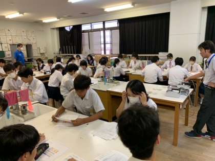 6時間目の大阪高等学校の出前授業「大科学実験」の様子です。
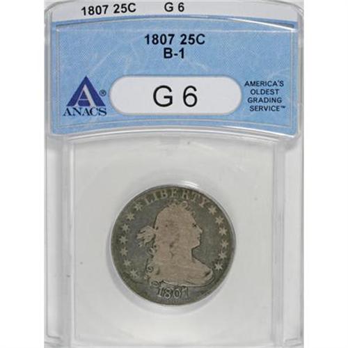 <B>1807 25C G6 ANACS.</B></I> B-1. NGC Census: (5/129). PCGS Population (13/168). Mintage: 220,643. Numismedia Wsl. Price for NGC/PCGS coin in G6 : $218. (#5316)<BR><BR><B>Coin Engraver:</B> Robert Scot<BR><BR><b>Shipping:</b> Coins & Currency (<a target="_blank" href="http://www.heritageauctions.com/common/shipping.php">view shipping information</a>)
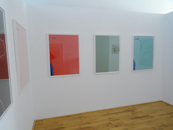 en couleurs sur papier blanc. Les hommes rouges 1, Les hommes rouges 2, La rue, Manifestation 1, Manifestation 2, Nuées, La grève, La meute, L’université. Les deux planches ajoutées sont titrées L’usinage des roses, Freud Marx Mao.
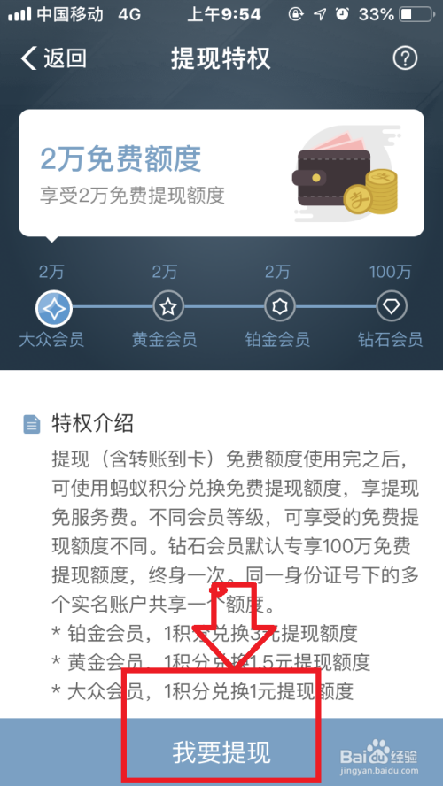 - 进入“付出宝会员”页面,点击“提现特权”——“我要提现”,即可查看“残剩免费额度”。
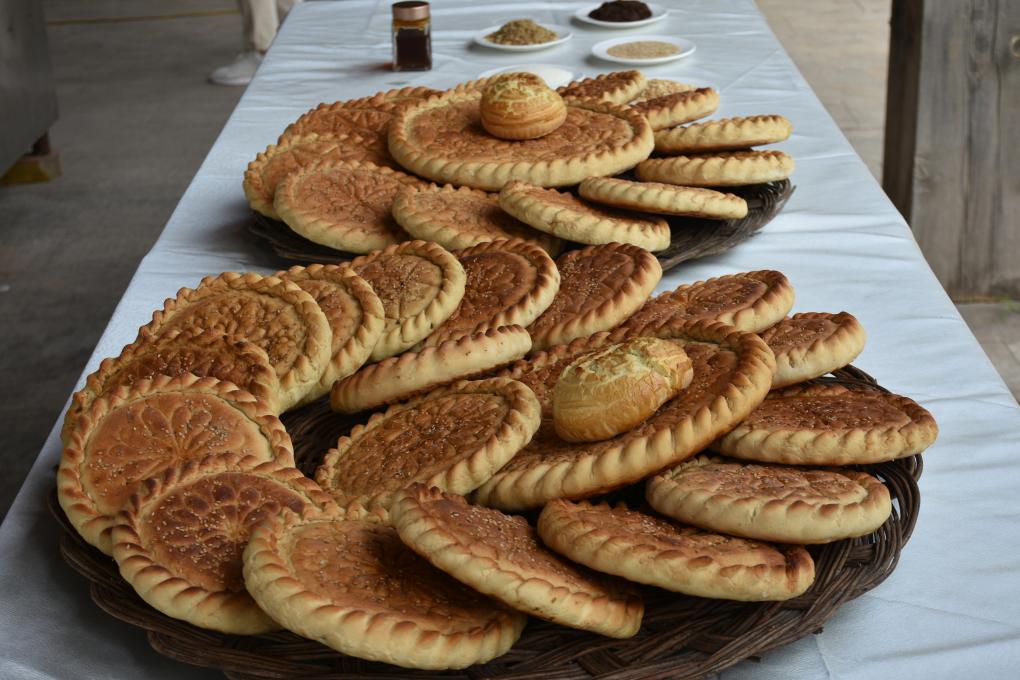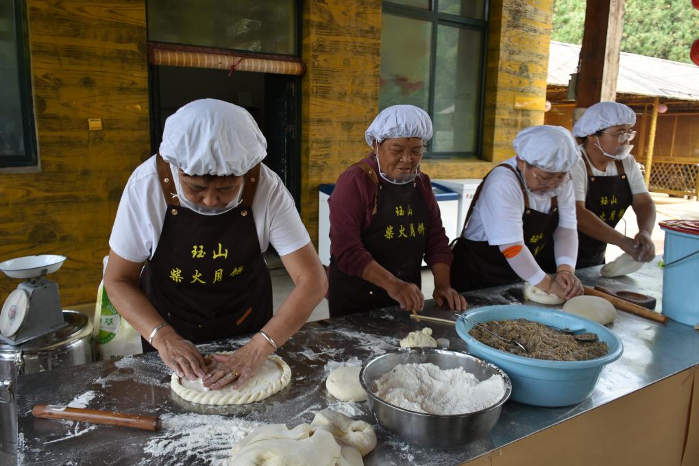 張小女制作的“大團圓”月餅體現(xiàn)了當?shù)靥厣?。澤州粗月餅看上去像一個鎖著花邊的圓形面餅,內(nèi)包兩層冰糖、花生、葡萄干、核桃仁等雜碎餡料,表面裝飾圖案,或蒸或烤而成。講究的圖案比較復(fù)雜,但張小女喜歡在村口拔棵野草,洗干凈后,印在上面,充滿野趣。

→ **Task directions**: Above are the records. Copy only the lines from the one with "<B>1807 25C G6" through the one with "en couleurs sur", exactly, with no pictures.

→ **The answer**:
 <B>1807 25C G6 ANACS.</B></I> B-1. NGC Census: (5/129). PCGS Population (13/168). Mintage: 220,643. Numismedia Wsl. Price for NGC/PCGS coin in G6 : $218. (#5316)<BR><BR><B>Coin Engraver:</B> Robert Scot<BR><BR><b>Shipping:</b> Coins & Currency (<a target="_blank" href="http://www.heritageauctions.com/common/shipping.php">view shipping information</a>)
 en couleurs sur papier blanc. Les hommes rouges 1, Les hommes rouges 2, La rue, Manifestation 1, Manifestation 2, Nuées, La grève, La meute, L’université. Les deux planches ajoutées sont titrées L’usinage des roses, Freud Marx Mao.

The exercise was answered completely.